It is also for this reason that we expect China to maintain the upper hand as we begin the new year. Although the trade war has been tit-for-tat, that does not mean that ground has not been gained or lost in the process, and China has continually come out ahead. For instance, what began as the US government’s firm resolve to prevent China from accessing advanced semiconductor technology, especially in the form of Nvidia’s H200 chips, ultimately came to nothing by year’s end with those exact chips becoming permitted for export. To add insult to injury, China then decided it no longer wanted them, as it had, in the interim, developed sufficient (although not equivalent) domestic replacements via the herculean efforts of companies like Huawei. It is becoming increasingly clear that China’s rare earths defeat the US’s advanced tech in the current trade war, as China can innovate domestically during a stalemate in trade relations, but the US cannot produce without the necessary raw materials.
Given this dynamic, US companies need to prepare for increased volatility in 2026. In a world where US tariffs are ruled unconstitutional, the current trade environment will be upended overnight. In its place, we would likely see a more piecemeal suite of laws and regulations, only this time involving Congress. If the current tariffs remain in place, the present jockeying for advantage in the US-China trade war will mean unpredictable if temporary spikes and reprieves, making over-allocating funds for projected annual operating costs essential to ensuring a balanced budget. To help mitigate these effects, US companies should continue to diversify and friend-shore supply chains wherever possible.
Tech Futures
China’s tech sector prepares for sustained pressure
China is entering 2026 with a technology strategy designed less for rapid headline breakthroughs and more for endurance under sustained geopolitical pressure, signaling a shift toward long-horizon competition with the United States rather than short-term convergence.
Analysis
The events of 2025, most notably the emergence of the DeepSeek AI model, reshaped Beijing’s assessment of constraint. Instead of treating export controls as a temporary obstacle, Chinese policymakers appear to have internalized them as a permanent feature of the operating environment. Competitive AI performance derived from software efficiency and system-level optimization reduced dependence on advanced hardware. This, in turn, exposed the limits of access denial as a sole mechanism for constraining frontier capability, shaping Beijing’s more confident posture heading into 2026.

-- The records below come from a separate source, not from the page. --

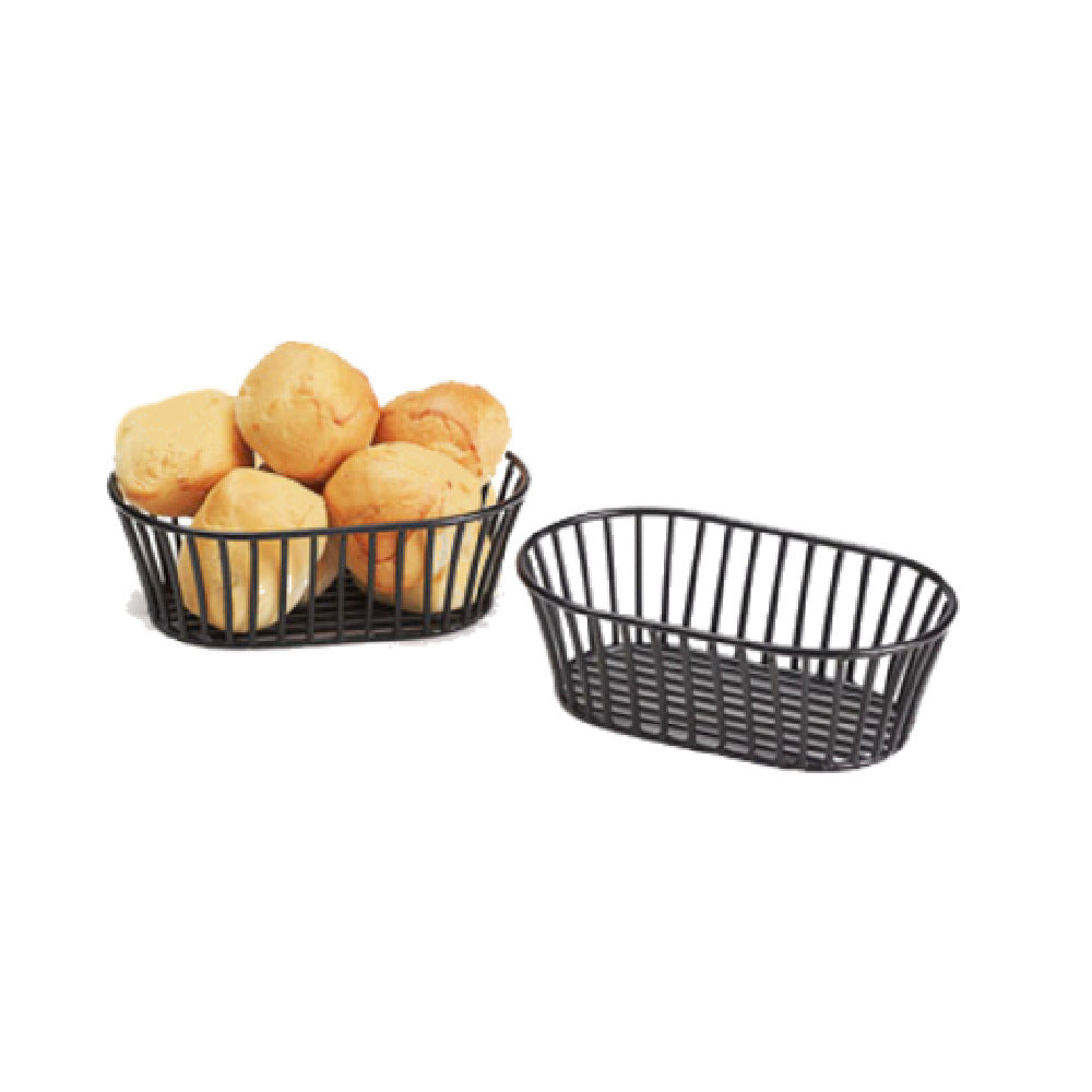 The GET Enterprises 4-31892 Clipper Mill Tuscan Basket 8-1/2" X 5-1/2" X 3" Short is a versatile and elegantly designed serving solution, ideal for the food service industry. With its precise dimensions of 8-1/2 inches in length, 5-1/2 inches in width, and 3 inches in height, this basket provides ample space for a variety of culinary presentations while maintaining a compact footprint for table settings or buffet displays. Crafted from iron and finished with a black powder coating, this oval basket not only exudes a rustic Tuscan charm but also offers durability and resistance to wear, making it suitable for frequent use in bustling restaurant environments or catering events. The product is packed with 12 baskets per case, allowing for bulk purchasing that is convenient for businesses of different scales, from small cafes to large dining establishments. The Clipper Mill Tuscan Basket by GET Enterprises stands out in the market for its blend of aesthetic appeal and functional practicality, providing an excellent serving option that enhances the presentation of bread, fruits, or other appetizers, thus adding a touch of sophistication to any dining experience.
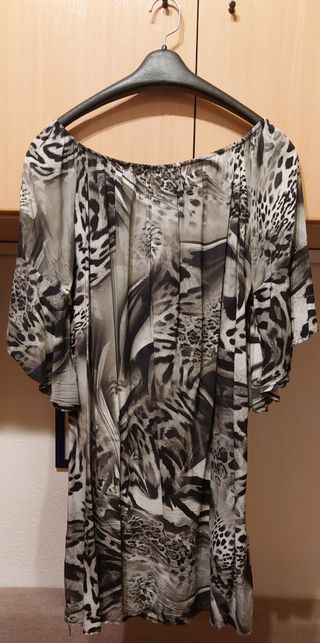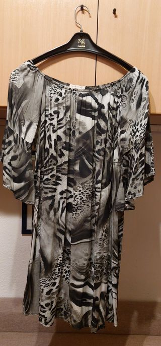 Vestido con diseño animal print, talla única, manga francesa Vestido con diseño animal print, talla única, manga francesa. Composición 100% viscosa.
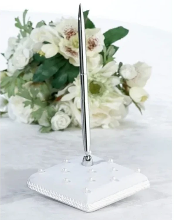 Dette pennsettet inkluderer en sølvpenn med svart blekk festet til en kremsatengdekket base toppet med perler. Den håndlagde papirblomstdekorasjonen med perle/rhinestone ornament i midten og perlespray-aksent vil ikke gå upåaktet hen når gjestene kommer inn i resepsjonen. Basen måler 3,75″.

Looking ahead, China’s emphasis on distributed innovation is likely to deepen. The formalization of a “swarm” model—spreading development across major firms, research institutes, and startups—suggests that future advances will be incremental and harder to attribute to any single actor. In 2026, this may translate into fewer visible “breakthrough moments,” but a steady accumulation of capability across AI tooling, advanced manufacturing processes, and applied industrial systems. By blurring the line between civilian, commercial, and strategic applications, this diffusion complicates enforcement for US and allied regulators.
Capital deployment will reinforce this trajectory. The state-directed venture funds announced ahead of the 15th Five-Year Plan indicate that Beijing is prioritizing boosting early-stage ventures rather than looking to support existing companies in scaling operations. As these “micro-bet” investments mature in 2026, policymakers will likely tolerate higher failure rates in exchange for broader technical coverage. This approach favors resilience: even if individual firms collapse or are sanctioned, the ecosystem retains accumulated knowledge and trained talent that can be reabsorbed elsewhere.
For global markets, the year ahead is unlikely to be defined by the acute volatility of 2025, but rather by a steady accumulation of structural pressure. Chinese firms are less likely to re-emerge as dominant, consumer facing platforms and more likely to surface as specialized state-aligned suppliers embedded deep within global supply chains. In sectors such as industrial equipment, advanced materials, and applied AI systems, competition may unfold gradually and unevenly, compressing margins over time rather than displacing incumbents in a single disruptive moment.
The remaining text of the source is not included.